循环流化床甲烷化反应器中体积缩小反应与流动和传质的内在耦合机制

合成气甲烷化工艺是生物质气化制备天然气技术的关键环节之一，循环流化床由于其优异的传热传质性能有望成为潜在的甲烷化反应器。甲烷化反应是一个摩尔数减小反应，揭示循环流化床甲烷化反应器中的体积缩小反应与流动和传递间的匹配关系，是优化反应器运行和指导反应器放大过程中需要解决的关键问题。本课题拟以体积缩小反应对流化特性的影响为出发点，采用热态实验和数值计算相结合的方式对循环流化床甲烷化反应器进行研究：通过热态实验研究循环流化床甲烷化反应中不同操作参数下的反应转化特性，借助多相流测试手段明晰体积缩小反应对床内流动结构的影响，并依靠数值计算“多尺度可视化”特点，从颗粒聚团和反应器两个尺度层面分析反应器中的化学反应、流动和传质现象，进而获得三者间的内在耦合机制。本课题的研究将为循环流化床甲烷化反应器的优化与放大提供一定的理论基础。

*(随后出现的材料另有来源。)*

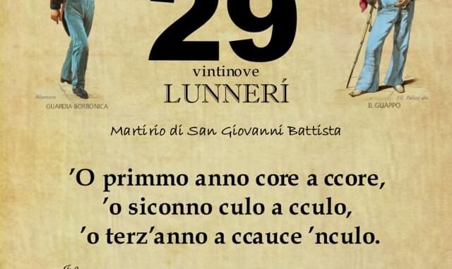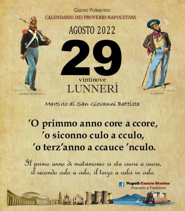 ‘O PRUVERBIO D’ ‘O JUORNO. Lunedì 29 agosto 2022 29/08/2022 binews.it ATTUALITA', EVIDENZA, Il Proverbio del Giorno 0 di Gianni Polverino ’O primmo anno core a ccore, ’o siconno culo a cculo, ’o terz’anno a ccauce ’nculo. Il primo anno di matrimonio si sta cuore a cuore, il secondo culo a culo, il terzo a calci in culo.

Methanation of the syngas from biomass gasification is one of the key processes in the biomass-to-SNG technology. Circulating fluidized bed reactor turns to be suitable for the operation of methanation reaction with high exothermicity. The methanation reaction involves a reduction in the gas volumetric flow. Thus an exploration of the relationship between the reaction, hydrodynamics and mass transfer in the circulating fluidized bed reactor is very important for optimizing and scale-up of the reactor. In this research, experiments and simulations are both chosen for the study. And the investigation of the effect of reaction with a reduction in the gas volume on the fluidization characteristics in the circulating fluidized bed reactor is considered as the basis to decoupling the aforementioned relationship. The conversion and selectivity in the circulating fluidized bed reactor under different operating conditions will be tested in a lab-scale circulating fluidized bed methanation reactor, and the effect of methanation reaction on the two-phase hydrodynamics in the bed will also be monitored by several measuring techniques. Together with the ‘multi-scale visualization’ simulation results, reaction、hydrodynamics and mass transfer can be separately analyzed from both cluster scale and reactor scale. Accordingly, the aforementioned relationship can be properly achieved. This research can provide a theoretical basis for the optimization and scale up of methanation circulating fluidized bed reactor.